Social robots are also being increasingly developed for learning uses. Usually powered by the personalisation systems mentioned above, they support teachers in different ways: as instructors or tutors for individuals or small groups, but also as peer learners allowing students to “teach” them. Telepresence robots also allow teachers or students to teach or study remotely and offer new possibilities for students who are ill and cannot physically attend class. They can also mobilise a remotely located teaching workforce, for example teachers from another country to teach foreign languages.
Technology also enables students with special needs to participate in education and to make inclusive education a reality. With well-known applications such as speech-to-text, text-to-speech, and auto-captioning, etc., AI allows blind, visually impaired, deaf and hard-of-hearing students to participate in traditional educational settings and practices.
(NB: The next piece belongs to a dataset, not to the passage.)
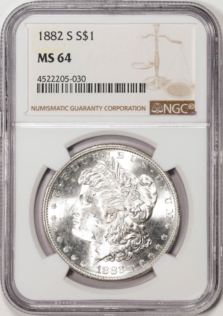 One 1882-S $1 Morgan Silver Dollar Coin NGC MS64. NGC Certified.

Some smart technologies facilitate the diagnosis and remediation of some special needs (e.g. dysgraphia) and support the socio-emotional learning of students with autism so they can more easily participate in mainstream education.
Those smart technologies usually assume and require a human-in-the-loop: a teacher. The level of automation of actions and decisions should be conceived of as a continuum between actions that are fully automated at one end and, at the other end, actions over which humans have full control. As of today, AI systems remain hybrid and request human intervention at a certain point in the process.
譯文
摘要
数字化为教育开辟了新的可能性。虽然教育一直有丰富的数据,例如学生的缺勤记录或成绩,但最近才开始利用数据来帮助学生更好地学习、帮助教师更好地教学并为教育管理部门的决策提供参考。教育利益相关者与技术的关系处境艰难,一直在强烈的热情和怀疑之间徘徊。数字技术,尤其是基于人工智能、学习分析、机器人技术和其他技术的智能技术,是否会像改变社会其他领域一样改变教育?本报告重点讨论了智能技术如何改变课堂教育并支持教育组织和系统的管理。
课堂中的智能技术
智能辅导系统等自适应学习技术可以使用类似的方法实现学生学习的个性化:检测学生的知识(或知识缺口);诊断学生学习的下一个合适的步骤;提供新的练习、新的课程单元、某种形式的教学指导或只是通知教师采取行动。目前,这种方法已超越单纯的知识获取,并扩展到诸如学习自我调节或学习风格等行为维度。
由于保持学生的参与度和积极性是提高学习效率的关键,因此,技术发展的一个新领域是测量参与度,以保持学生在数字和物理学习环境中的深度参与。测量参与度并非易事,但已有一系列新的自动化方法被开发出来,包括眼球追踪器以及其他面部特征的监测和分析。提高学生参与度通常有两种方法:一种是主动的方法,即尝试通过奖励和游戏化等方式刺激用户黏性;一种是更为复杂的反应性方法,即通过不间断的监测来捕捉参与度下降的信息,并及时给予调整和指导。
除了最普遍的专注个性化学习的智能技术,另一种方式是将教室或教室中发生的事情作为学习分析的主题。后者旨在帮助教师在课堂上协调学习,并为学生提供丰富有效的学习场景。例如,一些课堂分析技术为教师提供实时反馈,以帮助教师在学生单独学习、小组学习或集体学习时完成不同任务之间管理的过渡。此外,学生的课堂行为将被反馈给教师,供教师反思并从实践中学习。
社交机器人也越来越多地被开发用于学习。它们通常由上述个性化系统提供支持,以不同的方式支持教师:作为个人或小组的导师,也作为同伴学习者,允许学生“教”它们。除此之外,远程机器人还允许教师或学生远程教学或学习,为生病或无法亲自上课的学生提供新的可能性。它们甚至还可以动员远程教学人员,例如来自另一个国家的教师来教授外语。
同时,智能技术还使有特殊需要的学生能够参与教育,使全纳教育成为现实。通过语音转文本、文本转语音以及自动字幕等知名应用程序,人工智能已经能够帮助盲人、视力受损、失聪和听力障碍的学生参与到传统的教育实践中去。其中一些智能技术还有助于某些特殊需要(如书写困难)的诊断和补救,并帮助自闭症学生的社会情绪学习,使他们更容易参与主流教育。
这些智能技术通常假设并需要一个人的操作——教师。行动和决策的自动化水平应该被视为一个连续体,一端是完全自动化的行动,另一端则是完全由人类控制的行动。到目前为止,人工智能系统仍然是混合型的,在过程中的某一点上还是需要人工干预的。